On Wed, 15 Sep 2021, Richard Sandiford wrote:

> Richard Biener <rguent...@suse.de> writes:
> > On Tue, 14 Sep 2021, Richard Sandiford wrote:
> >
> >> Richard Biener via Gcc-patches <gcc-patches@gcc.gnu.org> writes:
> >> > This changes us to maintain and compute (mis-)alignment info for
> >> > the first element of a group only rather than for each DR when
> >> > doing interleaving and for the earliest, first, or first in the SLP
> >> > node (or any pair or all three of those) when SLP vectorizing.
> >> >
> >> > For this to work out the easiest way I have changed the accessors
> >> > DR_MISALIGNMENT and DR_TARGET_ALIGNMENT to do the indirection to
> >> > the first element rather than adjusting all callers.
> >> > dr_misalignment is moved out-of-line and I'm not too fond of the
> >> > poly-int dances there (any hints?), but basically we are now
> >> > adjusting the first elements misalignment based on the DR_INIT
> >> > difference.
> >> >
> >> > Bootstrap & regtest running on x86_64-unknown-linux-gnu.
> >> >
> >> > Richard.
> >> >
> >> > 2021-09-13  Richard Biener  <rguent...@suse.de>
> >> >
> >> >  * tree-vectorizer.h (dr_misalignment): Move out of line.
> >> >  (dr_target_alignment): New.
> >> >  (DR_TARGET_ALIGNMENT): Wrap dr_target_alignment.
> >> >  (set_dr_target_alignment): New.
> >> >  (SET_DR_TARGET_ALIGNMENT): Wrap set_dr_target_alignment.
> >> >  * tree-vect-data-refs.c (dr_misalignment): Compute and
> >> >  return the group members misalignment.
> >> >  (vect_compute_data_ref_alignment): Use SET_DR_TARGET_ALIGNMENT.

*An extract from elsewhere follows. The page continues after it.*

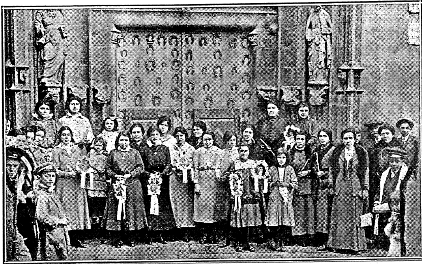
BARCELONA.—La fiesta de la Purificación de la Virgen en San Martín de Provensals: Señoritas que vendieron candelas para los pobres.

> >> >  (vect_analyze_data_refs_alignment): Compute alignment only
> >> >  for the first element of a DR group.
> >> >  (vect_slp_analyze_node_alignment): Likewise.
> >> > ---
> >> >  gcc/tree-vect-data-refs.c | 65 ++++++++++++++++++++++++---------------
> >> >  gcc/tree-vectorizer.h     | 24 ++++++++++-----
> >> >  2 files changed, 57 insertions(+), 32 deletions(-)
> >> >
> >> > diff --git a/gcc/tree-vect-data-refs.c b/gcc/tree-vect-data-refs.c
> >> > index 66e76132d14..b53d6a0b3f1 100644
> >> > --- a/gcc/tree-vect-data-refs.c
> >> > +++ b/gcc/tree-vect-data-refs.c
> >> > @@ -887,6 +887,36 @@ vect_slp_analyze_instance_dependence (vec_info 
> >> > *vinfo, slp_instance instance)
> >> >    return res;
> >> >  }
> >> >  
> >> > +/* Return the misalignment of DR_INFO.  */
> >> > +
> >> > +int
> >> > +dr_misalignment (dr_vec_info *dr_info)
> >> > +{
> >> > +  if (STMT_VINFO_GROUPED_ACCESS (dr_info->stmt))
> >> > +    {
> >> > +      dr_vec_info *first_dr
> >> > +        = STMT_VINFO_DR_INFO (DR_GROUP_FIRST_ELEMENT (dr_info->stmt));
> >> > +      int misalign = first_dr->misalignment;
> >> > +      gcc_assert (misalign != DR_MISALIGNMENT_UNINITIALIZED);
> >> > +      if (misalign == DR_MISALIGNMENT_UNKNOWN)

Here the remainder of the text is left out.